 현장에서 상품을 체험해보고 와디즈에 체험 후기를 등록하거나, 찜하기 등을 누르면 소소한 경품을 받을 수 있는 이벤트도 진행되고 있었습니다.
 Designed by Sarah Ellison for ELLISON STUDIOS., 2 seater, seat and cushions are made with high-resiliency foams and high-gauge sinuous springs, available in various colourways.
------------------------------------
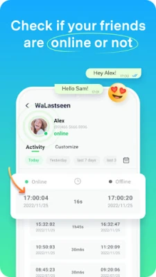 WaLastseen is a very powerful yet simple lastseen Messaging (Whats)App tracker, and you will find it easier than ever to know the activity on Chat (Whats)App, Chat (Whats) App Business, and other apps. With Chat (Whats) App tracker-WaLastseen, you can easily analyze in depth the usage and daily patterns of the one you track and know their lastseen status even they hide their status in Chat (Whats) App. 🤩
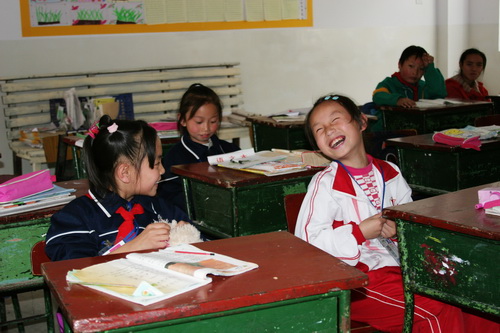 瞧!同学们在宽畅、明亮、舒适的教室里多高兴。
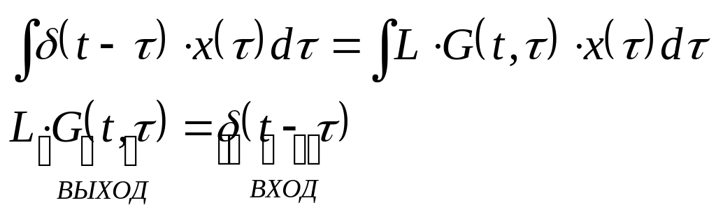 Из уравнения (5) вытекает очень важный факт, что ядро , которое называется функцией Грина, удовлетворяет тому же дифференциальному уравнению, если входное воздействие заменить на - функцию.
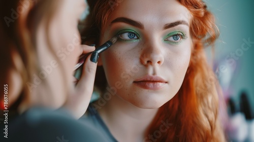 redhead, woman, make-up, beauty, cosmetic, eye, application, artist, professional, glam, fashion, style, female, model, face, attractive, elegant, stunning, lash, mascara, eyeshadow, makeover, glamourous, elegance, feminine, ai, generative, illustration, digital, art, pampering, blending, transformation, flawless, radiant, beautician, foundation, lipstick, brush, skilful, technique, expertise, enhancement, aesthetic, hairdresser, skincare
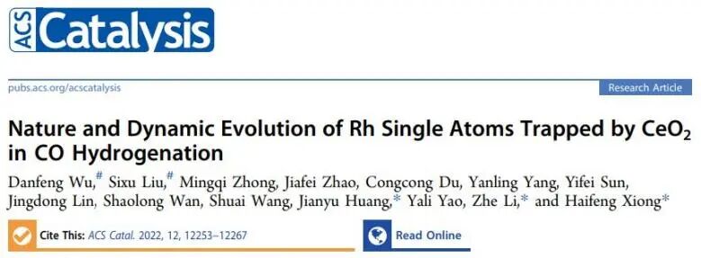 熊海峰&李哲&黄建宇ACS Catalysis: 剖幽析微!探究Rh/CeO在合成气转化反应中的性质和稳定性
------------------------------------
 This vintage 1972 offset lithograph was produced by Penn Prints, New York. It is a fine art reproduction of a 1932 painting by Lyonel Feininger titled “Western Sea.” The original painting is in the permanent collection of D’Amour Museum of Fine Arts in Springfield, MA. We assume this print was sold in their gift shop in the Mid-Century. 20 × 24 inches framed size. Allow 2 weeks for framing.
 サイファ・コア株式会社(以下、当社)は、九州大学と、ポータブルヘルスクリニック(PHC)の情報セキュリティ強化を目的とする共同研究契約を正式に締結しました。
------------------------------------
### PROBLEM REQUIREMENTS
All lines above between those holding "현장에서 상품을 체험해보고" and "Designed by Sarah", inclusive, must be set down unchanged, and no other line may be included.

### SOLUTION BELOW
 현장에서 상품을 체험해보고 와디즈에 체험 후기를 등록하거나, 찜하기 등을 누르면 소소한 경품을 받을 수 있는 이벤트도 진행되고 있었습니다.
 Designed by Sarah Ellison for ELLISON STUDIOS., 2 seater, seat and cushions are made with high-resiliency foams and high-gauge sinuous springs, available in various colourways.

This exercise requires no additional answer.